Talvez seja por isso que o mundo dos tempos expõe o ódio de classe de parte da suposta intelectualidade, do germe do fsascismo da imprensas dita liberal, que chama incêndio à estátua do Borba Gato de terrorismo e cala sobre a Cinemateca em chamas e monumentos à Marielle e Marighela sujos de tinta.
Porque os movimentos que põem para baixo as estátuas da supremacia masculina cis hetero adulta branca, expõem o pau pequeno moral de uma civilização que tem o focinho de porco de usar o fardo do Homem branco como álibi para destruição, são uma tsunami que ataca a longa duração. E da queda da Bastilha ao incêndio de Borba Gato tem muito mais ferramentas de onde saiu o movimento da vida que não quer e nem deixa que a vida seja sempre igual.

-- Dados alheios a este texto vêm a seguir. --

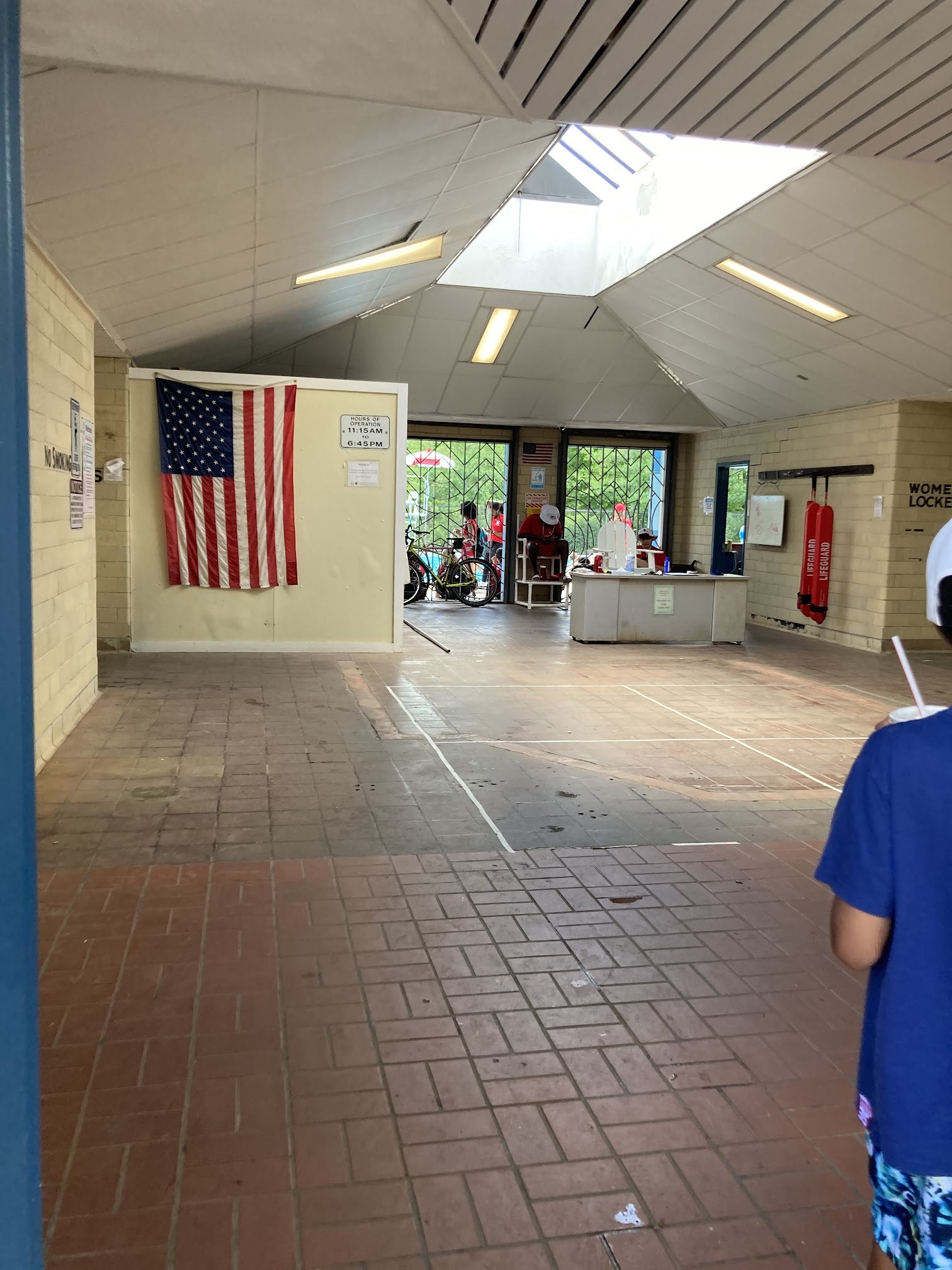 One of the nicest public pools I’ve been in changing room, a little too moist for my leggings ring water shoes pool is very clean. Lifeguards are very attentive only three picnic tables under shade to share wish they had a couple more small grass area. Was able to grab a spot at a table very ice cream shack showed up every hour clockwise you are allowed snacks and lunch for kiddos closes at 6:30. Also has break times to clean the pool. Water was crystal clear and refreshing lifeguards did a very good job and maintaining integrity keeping pool clean, making sure no rough play no running and any pool rules that would go with a public pool service. Great job my kids had fun.

É a energia da transformação do desespero em sonho que vive a maldição de quem sustentou o nazi fascismo nos muitos poderes e é do desespero de quem se vê em queda que se alimentam sonhos de governos democráticos, para que sejam possíveis caminhos de debate das tantas formas de revoluções necessárias.
A Economia Moral da Multidão gera a Economia Moral dos Afetos, o entendimento econômico de onde investir sentimentos e energia que geram a produção mediada de novos campos dos sonhos.
E nestes campos morre à míngua a indústria do ódio.